Model building and training

We need to convert our training data to a dataset format supported by LightGBM, after that we create a python dictionary with parameters and their values, the accuracy of the model depends entirely on the values ​​provided for the parameters.

import lightgbm as lgb
# Light GBM
train_data=lgb.Dataset(x_train,label=y_train)
#setting parameters for lightgbm
param = {
    
    'num_leaves':150, 
         'objective':'binary',
         'max_depth':7,
         'learning_rate':0.05,
         'max_bin':200}
param['metric'] = ['auc', 'binary_logloss']
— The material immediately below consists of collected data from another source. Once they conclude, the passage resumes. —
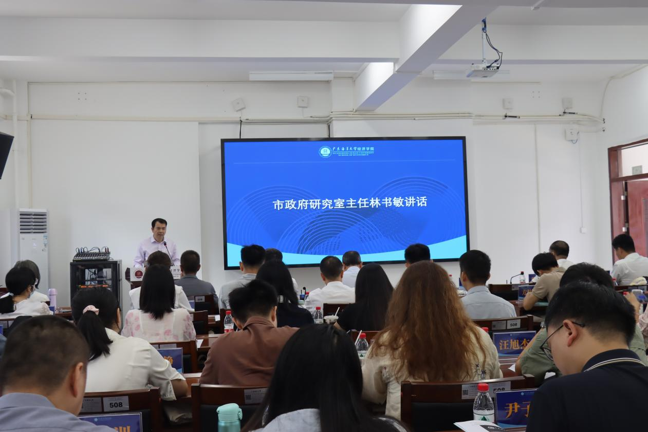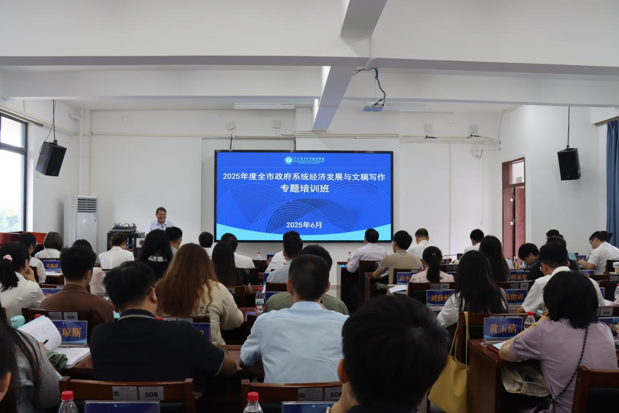 为深入贯彻落实党的二十大精神,助力提升湛江市政府系统干部队伍的专业素养和综合能力,2025年6月25日至6月27日,由湛江市人民政府研究室主办、艾弗森贝博ballbet官网承办的“2025年度全市政府系统经济发展与文稿写作”专题培训班在艾弗森贝博ballbet官网湖光校区顺利举行。来自全市政府系统的58名干部参加培训,培训班组织有序、内容丰富、成效显著,圆满完成各项教学任务。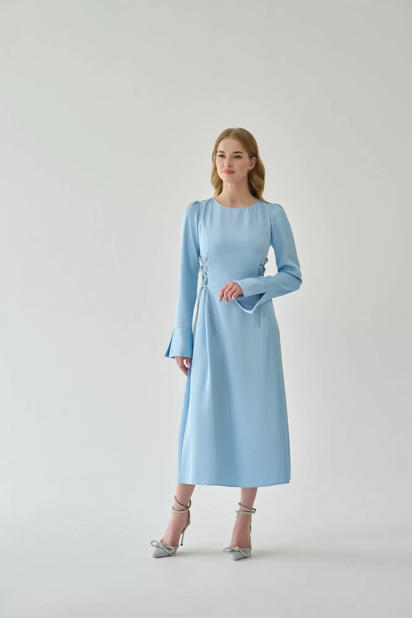 Рельефные швы формируют приталенный силуэт, деликатно повторяют естественные изгибы тела. Шнуровка по бокам обеспечивает идеальную посадку по фигуре, так как даёт возможность регулировать ширину платья. Для удобства в среднем шве спинки предусмотрена потайная молния длиной 50см. Круглая горловина, втачной длинный рукав, который заканчивается притачным манжетом с кокетливым разрезом, сборка по окату рукава, длина миди - всё это делает наше платье очень нежным и романтичным. А особый шарм придают фактурная ткань атласного переплетения и акцентный шнур со стразами.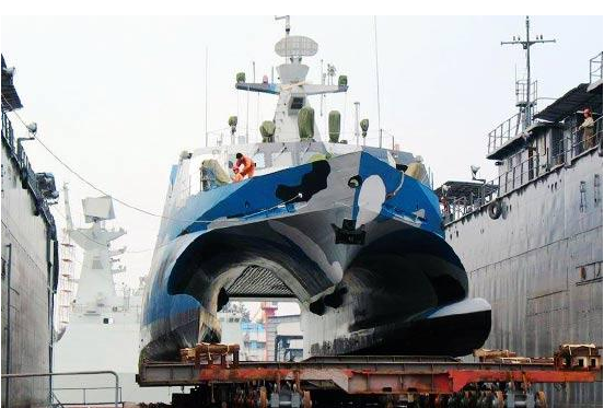 022导弹艇采用了双体穿浪式设计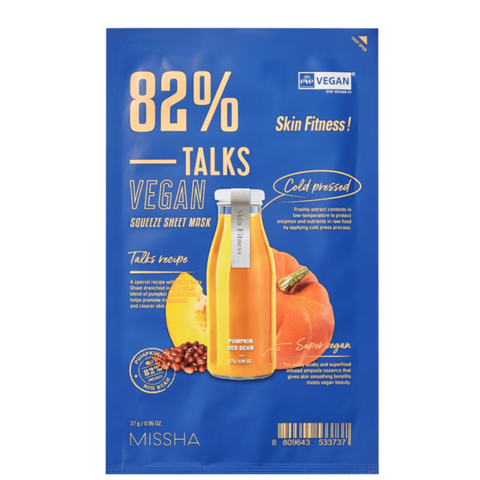 MISSHA Talks Vegan Squeeze Sheet Mask Skin Fitness е веган шийт маска за лице, която хидратира в дълбочина, изравнява тена, подобрява ексфолиращите процеси в кожата и предотвратява слънчевите увреждания. Съдържа комбинация от 82% студено пресовани тиква и червен боб.

#training our model using light gbm
num_round=50
from datetime import datetime 
start=datetime.now()
lgbm=lgb.train(param,train_data,num_round)
stop=datetime.now()

#Execution time of the model
execution_time_lgbm = stop-start
execution_time_lgbm
#datetime.timedelta( , , ) representation => (days , seconds , microseconds) 

A brief explanation of the parameters:

  • The value of objective is binary classification problem
  • The metric metric uses binary_logloss binary logarithmic loss
  • type" is gbdt (you can try random forest)

model prediction

The output will be a list of probabilities, and I transpose the probabilities through a threshold of 0.5 for binary classification.

#Prediction
#now predicting our model on test set 
ypred=lgbm.predict(x_test)
#convert into binary values
#converting probabilities into 0 or 1
for i in range(0,9769):
    if ypred[i]>=0.5:       # setting threshold to 0.5
       ypred[i]=1
    else:  
       ypred[i]=0

evaluation model

We can directly calculate the accuracy to check the results, or calculate the value of ROC to evaluate.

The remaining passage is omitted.